Since the enactment of the Affordable Care Act (ACA), larger employers have wondered about an auto-enrollment provision that the ACA added to the Fair Labor Standards Act (FLSA). Under that provision, employers that are subject to the FLSA and which employed more than 200 full-time employees would have been required to automatically enroll new full-time employees in one of the employer’s health benefits plans (subject to any waiting period authorized by law). Certain notices would have been required giving employees an opportunity to opt out of any coverage in which the employee was automatically enrolled.
Employers have been in limbo about auto-enrollment since December 2010, when the Department of Labor advised in a Frequently Asked Question that because the statute requires implementation of the requirement “[i]n accordance with regulations promulgated by the Secretary [of Labor],” and no regulations had been issued, employers were not required to comply with FLSA section 18A until the DOL completed its rulemaking.
Wonder no more. Today, President Barack Obama signed H.R. 1314, the “Bipartisan Budget Act of 2015,” which among other things repealed the auto-enrollment requirement from the FLSA. For many employers, this will be welcomed relief from yet another ACA compliance requirement.
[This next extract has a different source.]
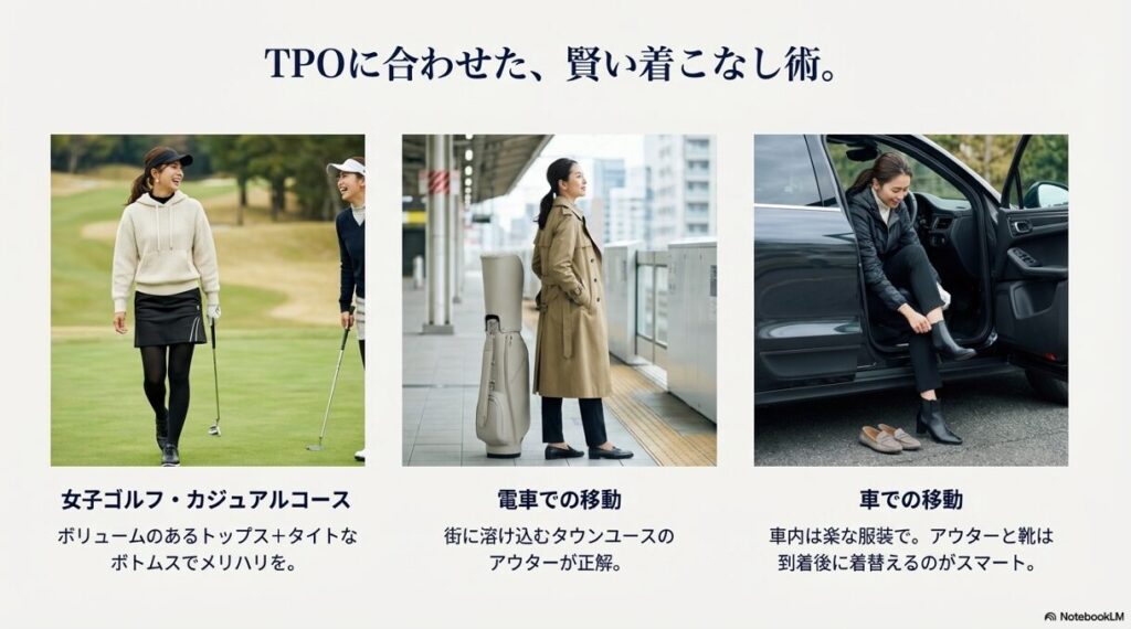 - 移動手段やコースの格式に合わせた具体的なコーデ例

Note, however, employers may decide to use “default” or “negative” elections for enrolling employees into health plan coverage or certain other benefits. Under a default or negative enrollment arrangement, an otherwise eligible employee will be deemed to have elected a certain type and level of coverage, unless the employee timely returns a written waiver of that coverage. The Internal Revenue Service permitted this practice in a 2002 Revenue Ruling, and affirmed the approach in proposed regulations under Section 125, issued in 2007. This practice may even be applied to HSA contributions made under a cafeteria plan.
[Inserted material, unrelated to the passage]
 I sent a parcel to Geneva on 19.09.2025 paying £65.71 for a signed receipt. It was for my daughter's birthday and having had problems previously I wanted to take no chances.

As many expected would be the case for the ACA’s auto-enrollment requirement, to implement default or negative elections under Section 125, employers would need to provide notice to employees about the coverage and cost, and provide the opportunity to opt-out of the arrangement. In many cases, negative or default elections will involve payroll deductions made without an affirmative election by the employee to reduce his or her wages to pay for that benefit. Some state wage withholding laws, however, have an express requirement that there be an affirmative election by the employee before any deductions may be made. But, the DOL has taken the position that in this context such wage withholding laws are preempted by ERISA. Still, employers may want to avoid the ire of an aggressive state labor official seeking to enforce his or her state’s wage law, even if the battle may be won by the employer in court. Employers should consider this practice carefully and consult with appropriate counsel.